Abstract

In nonlinear acoustic landmine detection the vibration interaction of the top-plate of the buried plastic landmine with the adjacent soil is a subject of interest due to the strong nonlinear coupling. Donskoy discovered the significance of using nonlinear vibro-acoustic two-tone tests to help find buried relatively compliant landmines at certain nonlinearly generated combination frequencies; and that false alarms were reduced due to minimal nonlinear interactions over relatively rigid buried objects. Later, work by Sabatier showed that certain nonlinear experimental results involving tuning curves and profiling at a large number of combination frequencies from two-tone tests (in buried plastic anti-tank inert landmine experiments) revealed that the nonlinear effects were similar to the mesoscopic/nanoscale nonlinear elastic behavior observed in geomaterials like sandstone.
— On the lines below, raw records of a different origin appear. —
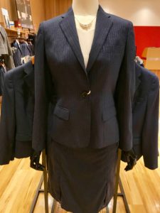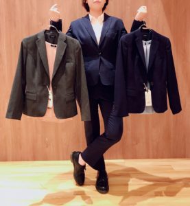 インナーに変化をつけて秋冬にはニット系の起毛素材を合わせるなど、通年着まわして頂けるおすすめのスーツです☆なんと言ってもシワになりにくいので扱いがしやすいので、色違いで揃える方もいらっしゃいます☆
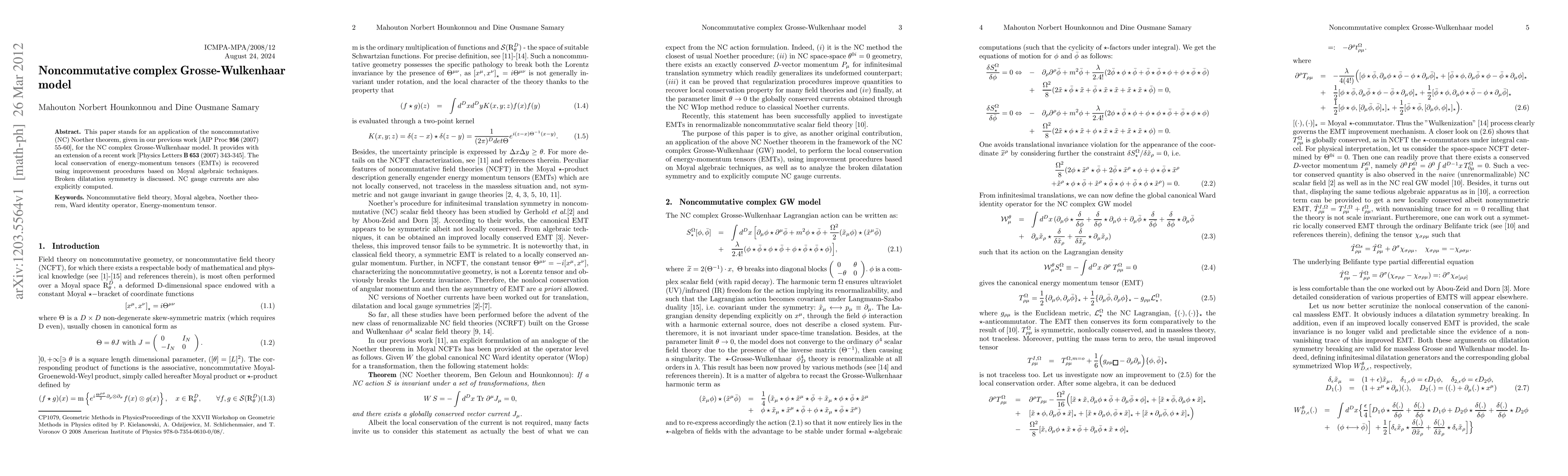 This paper applies the noncommutative Noether theorem to the NC complex Grosse-Wulkenhaar model, extending recent work and utilizing Moyal algebraic techniques to recover local conservation of energy-momentum tensors, while discussing broken dilatation symmetry and computing NC gauge currents.
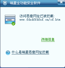瑞星已可以完全拦截利用此漏洞的挂马,详见下列截图:

Here, an apparatus called the soil-plate oscillator is used to model the nonlinear interaction of a thin clamped vibrating acrylic plate with a small column of dry sifted soil supported over it. Measurements of the effects of tuning curves taken at increased amplitude acoustic drive amplitude (exhibiting softening) can be explained if hysteresis effects (characteristic of the mesoscopic nonlinear) interaction are taken into consideration. Lissajou patterns of the driving force vs. displacement also reveal hysteresis effects. [Work support by ONR.]